Дом на Старой площади обычно был неприступной крепостью: по тротуару ходили сотрудники Комитета государственной безопасности, за ними стояли милиционеры. Тем не менее, когда мы подошли, выяснилось, что вся охрана сбежала полностью. Оказавшись почти в пустом здании, мы договорились с милицией, чтобы она поставила по периметру какое-то окружение.

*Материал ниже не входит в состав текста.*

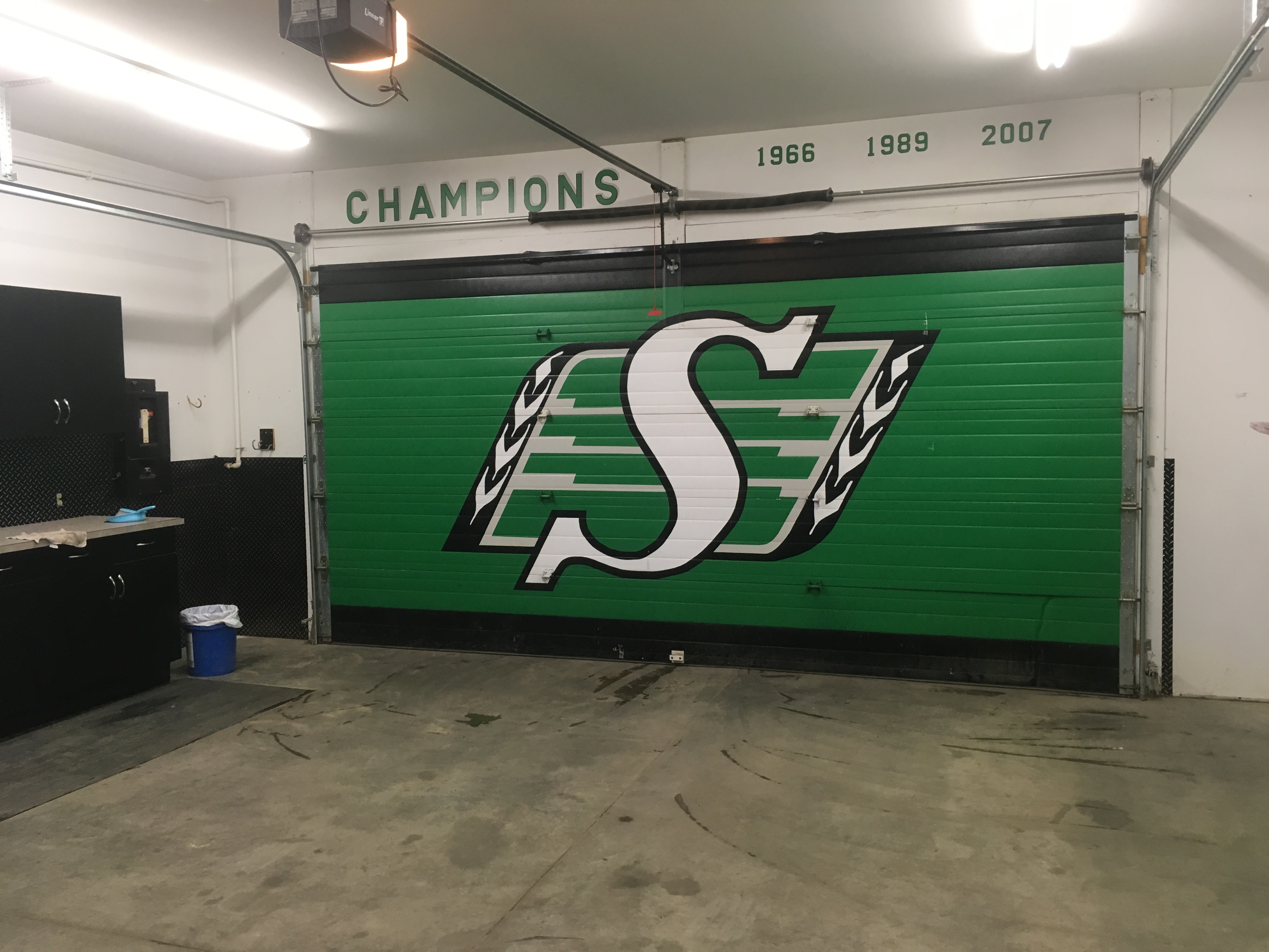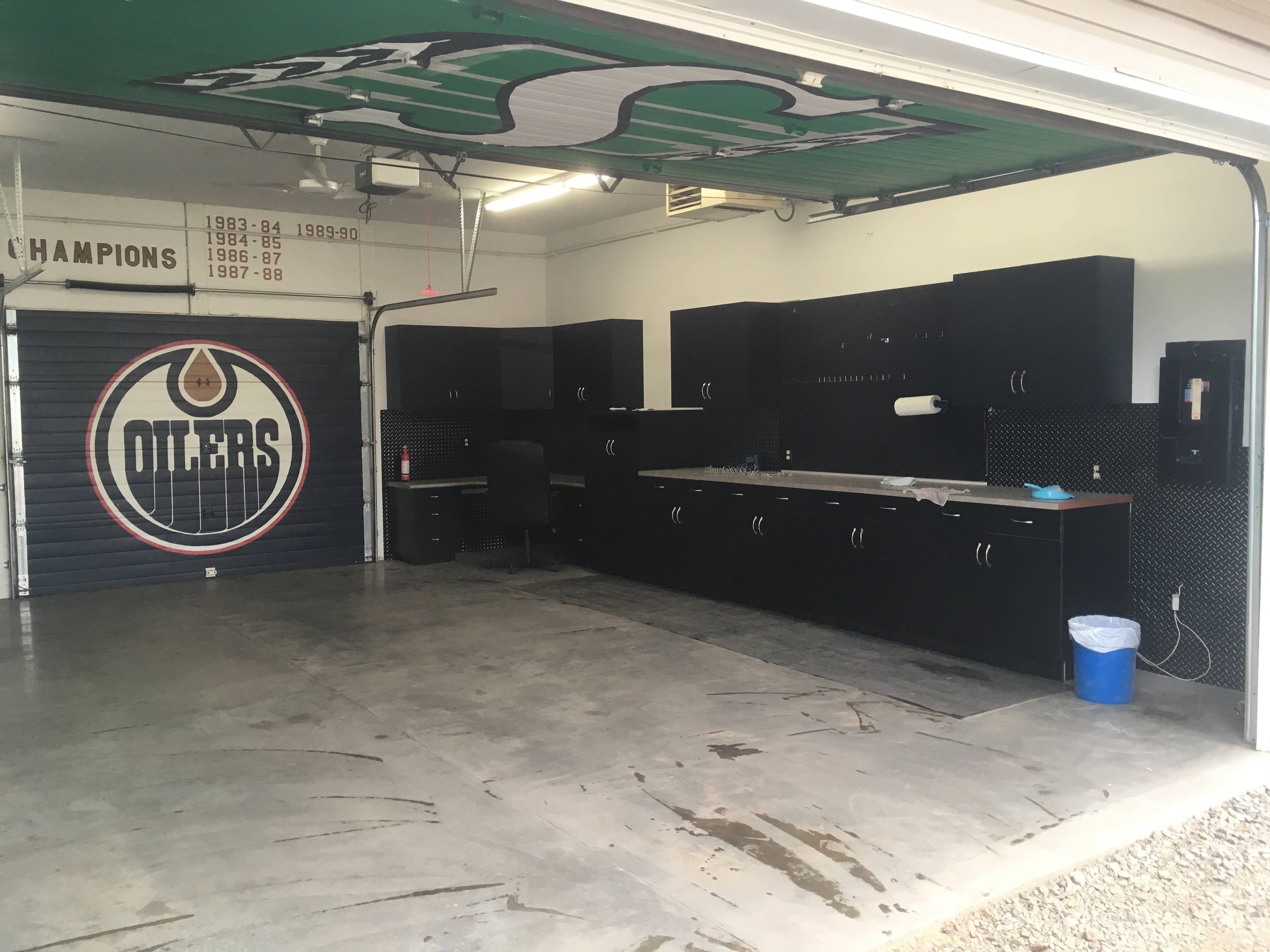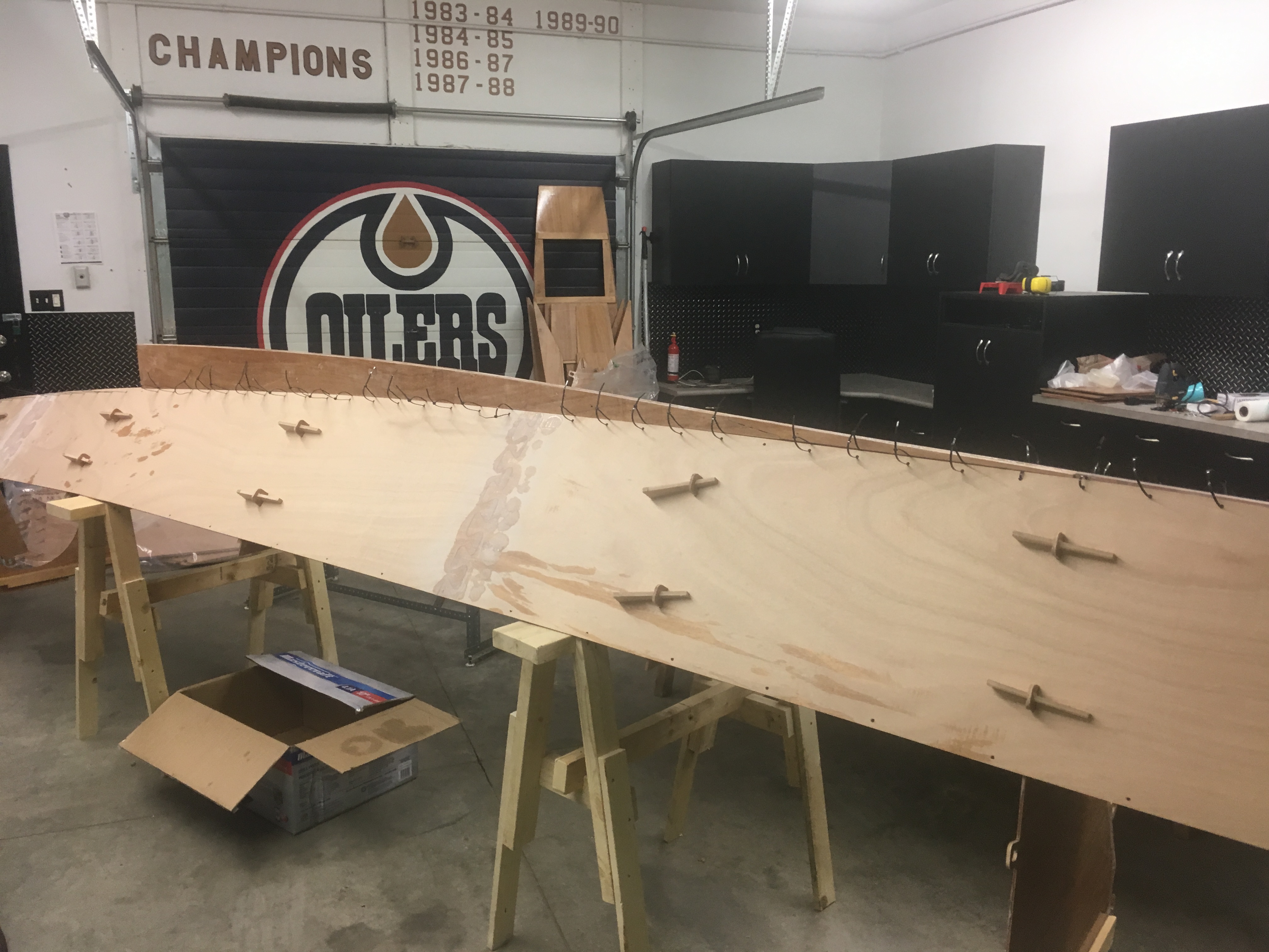 Even with only one hull set diagonally in the garage, the stem and stern posts could not be added. Fortunately, my quest for a better option was successful and a new place became available just a block from home – a heated two car garage, inside dimensions 23 feet x 23 feet, leaving space for two hulls to be constructed at the same time when placed diagonally. The garage is well lit, with cupboards, pegboard and counter on one wall for tools and supplies. It also features graphics that would gladden the hearts of professional sports fans in this part of the world – check these out:

Так я нечаянно оказался в здании на Старой площади, и даже – на пятом этаже, где сидит генеральный секретарь ЦК КПСС, куда вообще никого никогда не пускали. Все коридоры были завалены толстым слоем бумаги, в углах стояли сломанные бумагорезки, стояли огромные армейские мешки, забитые бумами. В здании ЦК сразу нашлось большое количество документов, рассказывающих о его деятельности. Очень много документов касалось хозяйственной деятельности: приватизации партийной собственности, того, как партийные деньги перекачивались в коммерческие банки, на счета либерально-демократической партии, которой командовал Владимир Жириновский.

Так на моих глазах рухнул символ Советского Союза – Центральный Комитет КПСС. Все растворилось, как будто не было. В 1917 году самодержавие было свергнуто за неделю. У нас власть развалилась за полтора дня.

Почему это произошло? Почему номенклатура перестала защищать государство?

К конце 1980-х у власти в СССР находилась уже третья волна номенклатуры, пришедшая после отставки Хрущева в 1964 году. В большинстве своем ее представители были выходцами из крестьянских семей, но крестьянство их во многом было анкетное, а не реальное. Большая часть их детства связана с промышленными предприятиями. Как правило, это технари по первому образованию, но у них было и второе образование – политическое. Это могла быть Академия общественных наук, Высшая партийная школа или Академия народного хозяйства. Ученая степень была не редкостью. Это были люди, которые получали свои должности в результате реальной конкуренции. Глупых секретарей обкомов не водилось. Они выиграли жестокую аппаратно-подковерную борьбу. За ними стоял реальный управленческий опыт. Была особая категория комсомольских деятелей, которая сделала карьеру на комсомоле, но большая часть имела реальный опыт руководства на производстве.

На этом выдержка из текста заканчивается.